TRIBUNNEWS.COM – Perdana Menteri Israel Benjamin Netanyahu dan Menteri Pertahanan Israel Yoav Gallant berselisih soal hambatan pembicaraan gencatan senjata antara Israel dan Hamas.
Pembicaraan tersebut dimediasi oleh mediator, Mesir dan Qatar, dengan tujuan untuk membebaskan tahanan Israel di Gaza dan warga Palestina yang ditahan oleh Israel.
“Alasan penghentian kesepakatan penyanderaan sebagian karena Israel,” kata Yoav Gallant dalam pengarahan pribadi di depan komite parlemen, Senin (8/12/2024), menurut laporan KAN.

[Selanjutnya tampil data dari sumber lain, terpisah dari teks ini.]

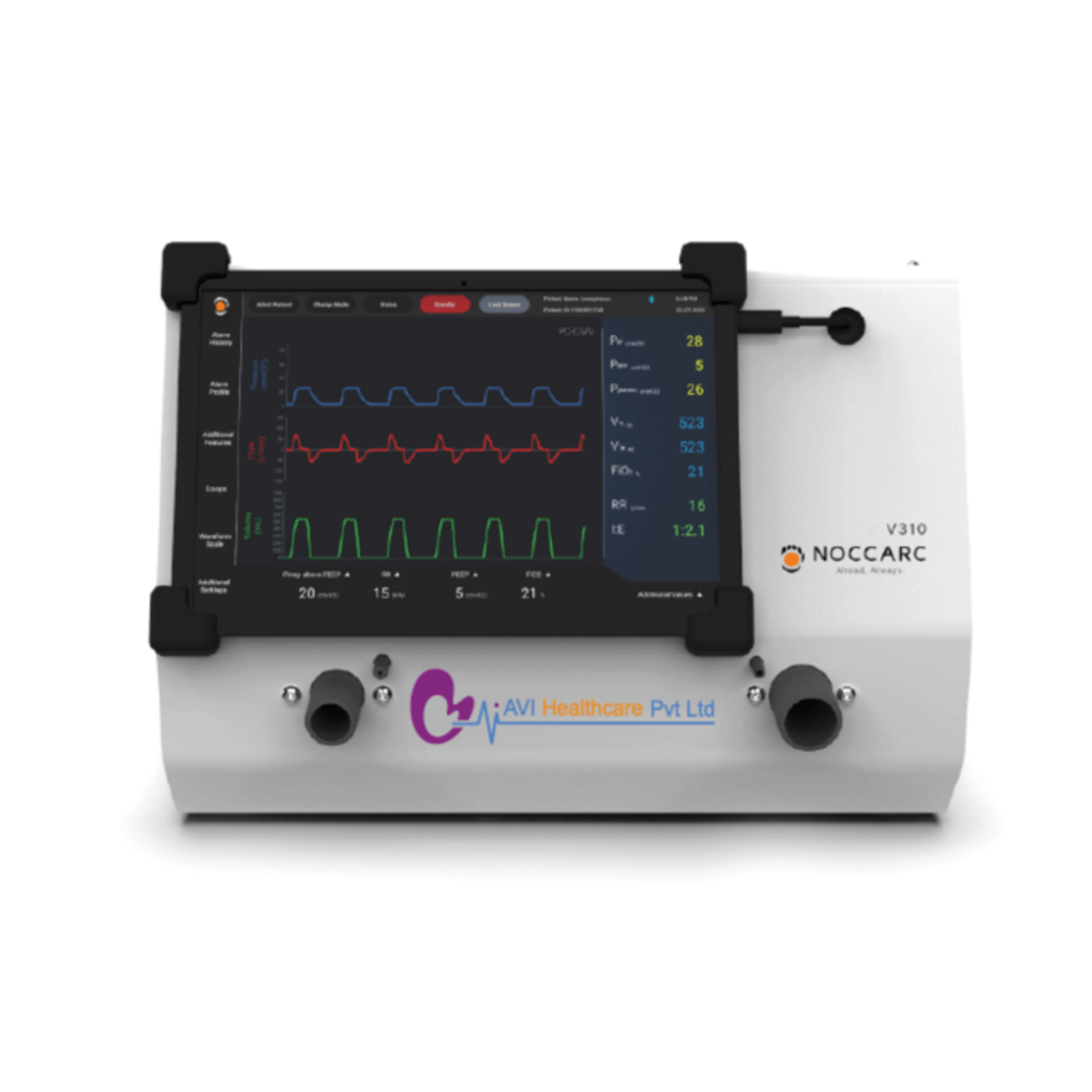 Noccarc V310 is a powerful turbine based ventilator with a battery backup of upto 8 hours. The compact, independent and power efficient design enables it to operate without compressed medical air or compressor, making it ideal for ICUs as well as intra hospital transport

Yoav Gallant membahas opsi yang dihadapi Israel dalam perjanjian gencatan senjata yang dapat mengakhiri pertempuran dengan Hamas di Jalur Gaza dan di utara dengan Hizbullah Lebanon.
“Saya dan lembaga pertahanan mendukung opsi pertama, daripada berbicara tentang ‘kemenangan total’ dan semua omong kosong itu,” katanya, merujuk pada ungkapan yang sering disebutkan Netanyahu. Netanyahu menanggapi ucapan Yoav Gallant
Perdana Menteri Israel Benjamin Netanyahu membalas kritik keras Menteri Pertahanannya Yoav Gallant terhadap sulitnya negosiasi gencatan senjata.
“Yoav Gallant menggunakan narasi anti-Israel dan merusak prospek mencapai kesepakatan untuk membebaskan para sandera,” kata kantor Netanyahu dalam sebuah pernyataan pada hari Senin.
Dia mengatakan Yoav Gallant harus menyalahkan Yahya Sinwar atas sulitnya negosiasi gencatan senjata.
“Dia seharusnya menyerang (Kepala Biro Politik Hamas) Yahya Sinwar, yang menolak mengirim delegasi ke perundingan, dan menjadi satu-satunya penghambat kesepakatan penyanderaan,” lanjutnya.
Menurut Netanyahu, Israel hanya punya satu pilihan, yaitu melanjutkan perang.
“Israel hanya punya satu pilihan: meraih kemenangan total, yang berarti menghilangkan kemampuan tentara dan pemerintah Hamas serta membebaskan para penculik kami, dan kemenangan itu akan diraih dan mengikat semua orang, termasuk Gallant,” ujarnya, seperti dilansir Arab News. Jumlah korban di Jalur Gaza
Saat ini Israel masih terus melakukan invasi ke Jalur Gaza, jumlah korban tewas warga Palestina meningkat menjadi lebih dari 39.790 orang, dan 91.722 lainnya luka-luka sejak Sabtu (7/10/2023) hingga Sabtu (10/8/2024), dan 1.147 kematian. di wilayah Israel, lapor Anadolu Agency.
Sebelumnya, Israel mulai melakukan pengeboman di Jalur Gaza setelah gerakan perlawanan Palestina, Hamas, melancarkan Operasi Banjir Al-Aqsa pada Sabtu (7/10/2023) untuk melawan pendudukan Israel dan kekerasan di Al-Aqsa sejak tahun 1948.
Israel memperkirakan sekitar 120 sandera, baik hidup maupun mati, dan masih ditahan oleh Hamas di Jalur Gaza, menyusul pertukaran 105 sandera dengan 240 tahanan Palestina pada akhir November 2023.